Considering the document structure studies, we found only two datasets containing more than 10K images. Again, there is a significant focus on Latin scripts; however, more languages are observed for this task as it is much more represented than document classification. A noticeable issue, in this case, is the comparison across databases as a variety of evaluation measures and benchmarks are used. We propose harmonizing the evaluation metrics using the mIoU and mAP metrics (at 50%, 60%, 70%, and 80%). In terms of annotation format, we note that most datasets use PAGE XML, three datasets use the COCO format, and only one dataset uses the VOC format. It would be beneficial to establish a conversion between annotation formats to promote computer vision models for historical document analysis.

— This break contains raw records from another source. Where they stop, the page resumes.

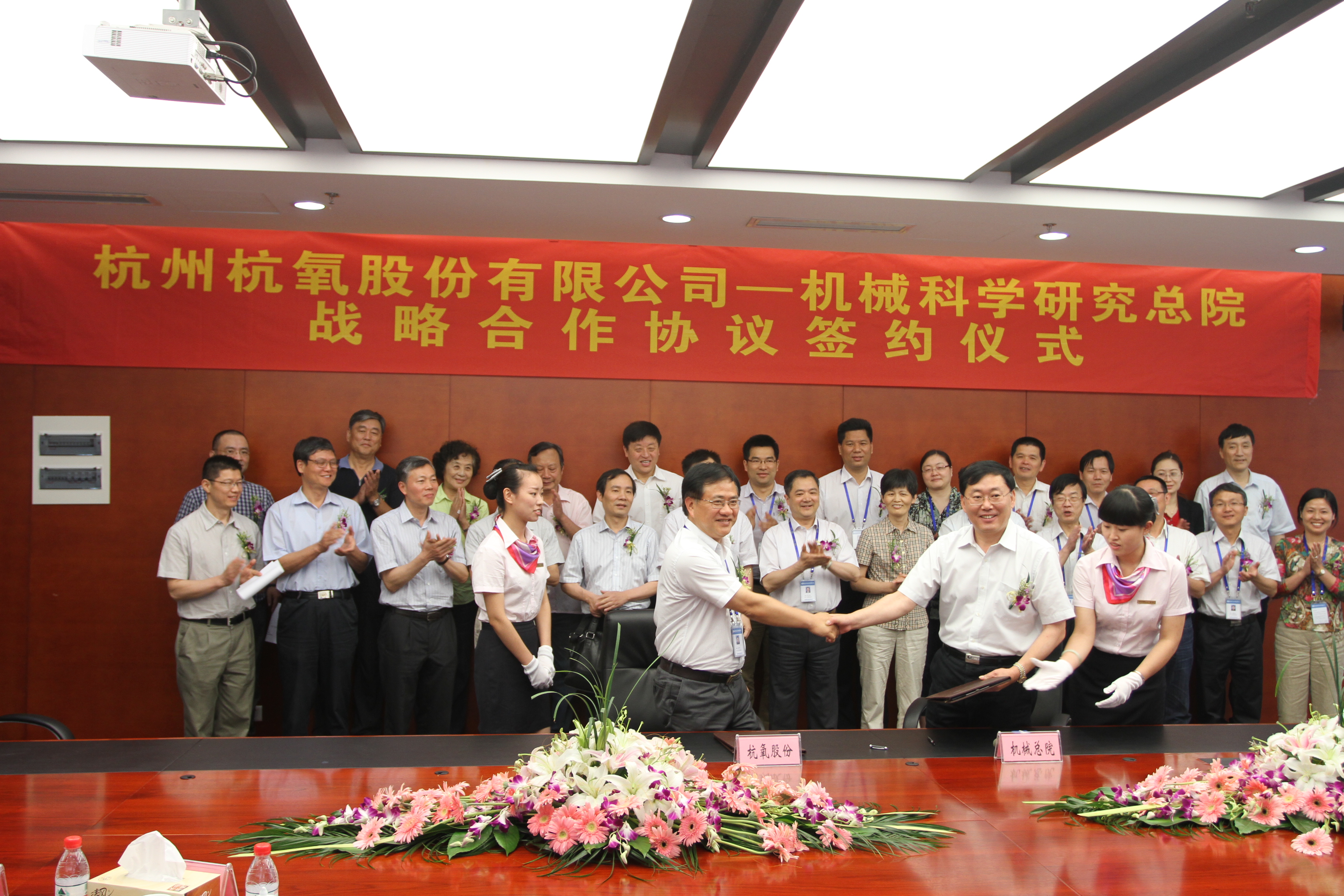 机械科学研究院浙江分院有限公司与杭州杭氧股份有限公司自2008年杭氧集团开始迁扩建项目开始合作,至今已为杭氧集团成功开发非标成套装备及生产线二十多台套。双方签订《战略合作协议书》,将进一步促进双方全面合作,充分发挥总院装备制造业综合优势支撑杭氧集团长足发展。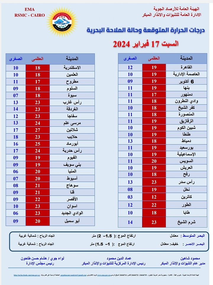 ونشرت هيئة الأرصاد الجوية بيانًا بدرجات الحرارة المتوقعة اليوم السبت كالتالي: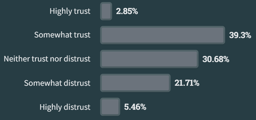 - 对 AI 工具的信任度:39% 的人对 AI 工具表示有些信任

The content analysis task seems to have the most prominent representation in the set of datasets. In this case, approximately 30% of the semantics-related studies include more than 1K images. The majority of this percentage appears for isolated character recognition, which is reasonably the easiest case of samples one could obtain and manage in a database. In general, there is an emphasis on OCR, but the level of detail differs (character, word, or line). Retrieval further focuses on text on the word, image, or writer level. Likewise, there is a focus on Latin scripts. Still, there is also a high representation of Asian scripts and the least representation on Arabic scripts. Finally, there is more interest in paleography, but we lack the representation of digits and tables as content.

5 Conclusion

We demonstrated a survey of historical document image datasets following a systematic literature review methodology. We summarized 65 studies and clustered them considering the related general tasks that we defined. We list the datasets in a table, connecting them to their corresponding section, and mark the possible tasks they include. For every study, we tabulate detailed information about the statistics, tasks, document type, languages, input image visual aspects, annotations, and benchmark and quantitative performance analysis information. This way, we facilitate researchers in finding the most fitting datasets and enable historical document image analysis.

Table 2 Historical document image datasets with information about statistics, classes, tasks, language, document type, input visual aspects, ground truth, and benchmarks present in their original papers or competitions

Our findings unveil a focus on Latin scripts and several evaluation methods, but not much compliance with deep learning trends. A clear size limitation on dataset samples is also obvious. As future directions, we urge the need for large-scale datasets to apply state-of-the-art deep learning methods, the inclusion of more classification tasks using metadata information, and the harmonization of evaluation schemes for direct comparison across datasets.